なにやらガサゴソと、作業をする音がその部分の上から響きだした。
「ノルン様、私も上に持ち上げて。カルバンを手伝う」
「了解であります」
ノルンちゃんがチキちゃんを屋根の上に運ぶ。
「マイアコットさんよ。釘と金槌があったら借りたいんだが。あと、大き目の薄い板も欲しい」
「うん、取って来るね!」
マイアコットさんが階下へと走る。
俺とネイリーさんは、完全に見学組だ。
「はあ、こうなっちゃうと、私は完全に役立たずだねぇ」
俺の隣で、ネイリーさんが苦笑する。
「それは俺も同じですよ。というか、俺なんていつも役立たずですし」
「コウジ君はノルンさんのエネルギー補充係りなんだから、いつも役に立ってるじゃん。私は魔法が使えないと、本当になんにもできないしさ」
「魔法使いなんですから、それは仕方がないですよ。カゾでは大活躍したじゃないですか」
「あはは。そうだね。でも、あの時は本当に死ぬかと思ったよ。まだお師匠様に恩返しもできてないのにさ」
「恩返しですか。そういえば、ネイリーさんのお師匠様のことってなにも聞いたことがないですけど、どんな人なんです?」
俺が聞くと、ネイリーさんは唇に指を当て、「うーん」と唸った。
「そうだねぇ……一言で言えば、変態かな?」
「へ、変態?」
「そう、変態。毎日毎日、山みたいに積み上げた本に囲まれてさ。魔法の研究に没頭してた」
昔を懐かしむように、ネイリーさんが笑う。
「ご飯も食べないで、ずっっっと研究ばっかりしてさ。私が遠くの街にお使いに行って帰ってきたら、部屋の中で衰弱して倒れてたことがあったんだよ。飲まず食わずでずっと研究してて、餓死寸前になってた。食事を取るのを忘れてたんだってさ」
「そ、それはすさまじいですね。研究熱心っていうか、抜けてるというか」
「そうだねぇ。で、今はずっと眠り姫になっちゃった」
「眠り姫?」
「うん。完成したって言って使った魔法が失敗しちゃってね。それからずっと、眠ったまま」
「その魔法のせいで、眠っちゃったってことですか?」
「そそ。何がどうなったか分からないけど、ずっと眠りっぱなしでね。なんとか助けられないかなって思って、あちこち旅して、いい方法がないか探してるんだ」
ネイリーさんは自由気ままに旅をしているのだろうと思っていたが、どうやらちゃんと目的もあったようだ。
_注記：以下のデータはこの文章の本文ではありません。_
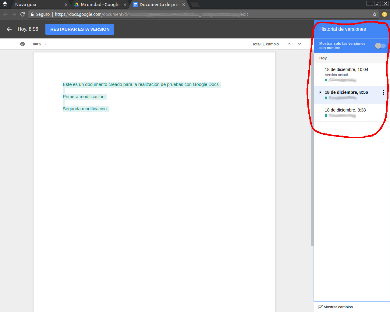 En esta, nos encontramos con dos opciones. La segunda, Ver el historial de versiones, es la que nos dará acceso a las distintas modificaciones que le hemos ido haciendo al documento a lo largo de su existencia.
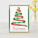 Este cartão de Natal corporativo apresenta árvore de Natal em fita vermelha e verde com destaque em brilho dourado. Texto "Feliz Natal" e personalizado com o nome da sua empresa. No interior, apresenta mensagem personalizada e o logotipo da sua empresa. Perfeito para enviar votos de boas festas para clientes, funcionários e todos na sua lista.
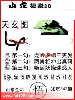 福彩3D第2015342期山东天玄图之天地聖语:3d第15342期山东天玄图分析详情:天地圣语:第一句:龙吟虎啸三更发第二句:两肖相冲出真码第三句:艳丽妖娆迷惑人胆拖码:56-15-09-28-70-59-14-59-71-68该丹东图库由3D之家3D图库频道原创,仅供彩民参考,温馨提供。
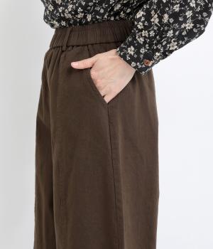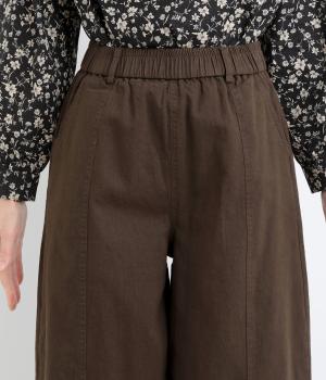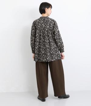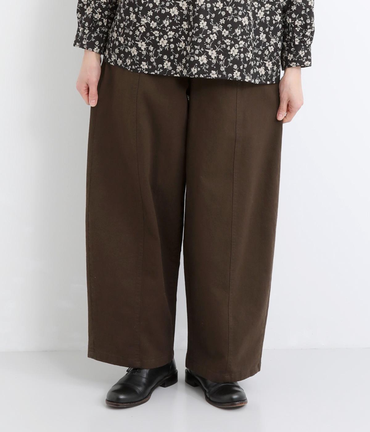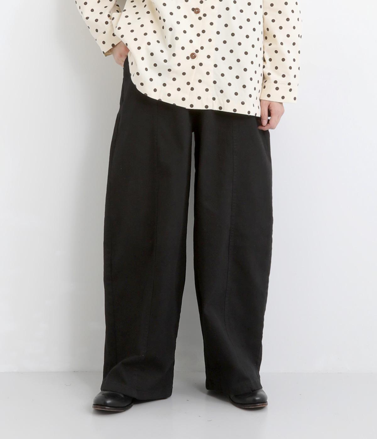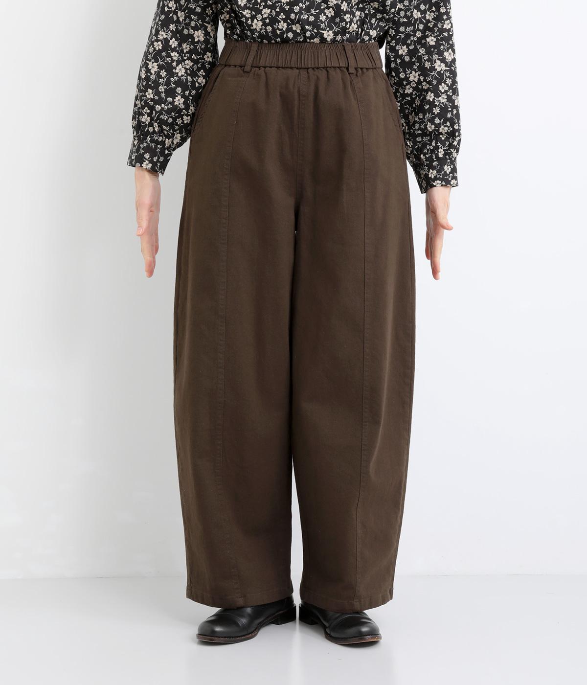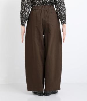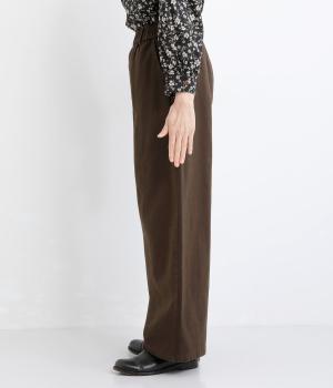 ゆとりのあるシルエットを、縦の切り替えラインがすっきりと見せてくれます。ほどよいストレッチで動きやすさも確保しました。ウエストはベルトループ付きのゴム仕様で、トップスインのスタイリングもおすすめです。

「なるほど。そういえば、俺たちの旅仲間に加わることになった時、『買いたい物がある』って言ってたじゃないですか。あれって、何のことです?」
「ああ、そんなことも言ったね。土地を買いたいんだ。妖精郷の湖畔にある土地をまるごと買って、お師匠様にプレゼントしたくて」
「妖精郷?」
「うん。妖精たちが暮らしてる場所で、すごく綺麗なところなの。私的には、カゾより綺麗だと思うよ」
「そんな場所があるんですね。でも、お師匠様って、眠り姫状態なんですよね?」
「うん」
ネイリーさんが微笑む。
「でも、どうしても買いたいんだ。その場所、お師匠様との思い出の場所でさ。そこで一緒に暮らせたらなって。医療設備とか全部そろえて、お師匠様が目を覚ますまで面倒を見るの」
「ネイリーさん、その方のことが大好きなんですね」
それまで黙って話を聞いていたノルンちゃんが、ネイリーさんに微笑む。
「コウジさん、旅をしながら、ネイリーさんのお師匠様を目覚めさせる方法も探してみてはどうでしょうか。もちろん、バグ取り優先で、ですが」
「そうだね。なにをどう探したらいいかもわからないけど、そうしようか」
俺とノルンちゃんが言うと、ネイリーさんは嬉しそうに微笑んだ。
「ありがと。まあ私も、どう探したらいいかさっぱりわからない状態でさ。自分であちこち探し回るより、コウジ君たちに付いて行ったほうが何か見つかるかもって思って付いてきたんだ。お金も稼げるって占いでは出てるしね」
「なるほど、そういうことだったんですか。わかりました。ネイリーさんのお師匠様のためにも、頑張って探しましょう!」
そんな話をしていると、マイアコットさんが金槌などを手に戻って来た。
「よいしょ。ノルンさん、これも屋根の上に運んでもらえる?」
「かしこまりました!」
ノルンちゃんが屋根の上にそれらを運ぶと、すぐに、トンカントンカンと釘を打つ音が響き出した。
しばらくその作業を屋内から見守っていると、階下からリルちゃんが上がって来た。
「姉さん、ポン菓子機の用意が出来たよ」
「お、早かったね! カルバンさん、ポン菓子機の用意ができたって!」
マイアコットさんが窓から声をかける。
「あと5分待ってくれ。ぱぱっと塞いじまうから!」
「うん、わかった。焦らなくていいからね!」
「おう!」
それからきっかり5分で屋根の応急修理は終わり、俺たちはポンスケ君の下へと向かうのだった。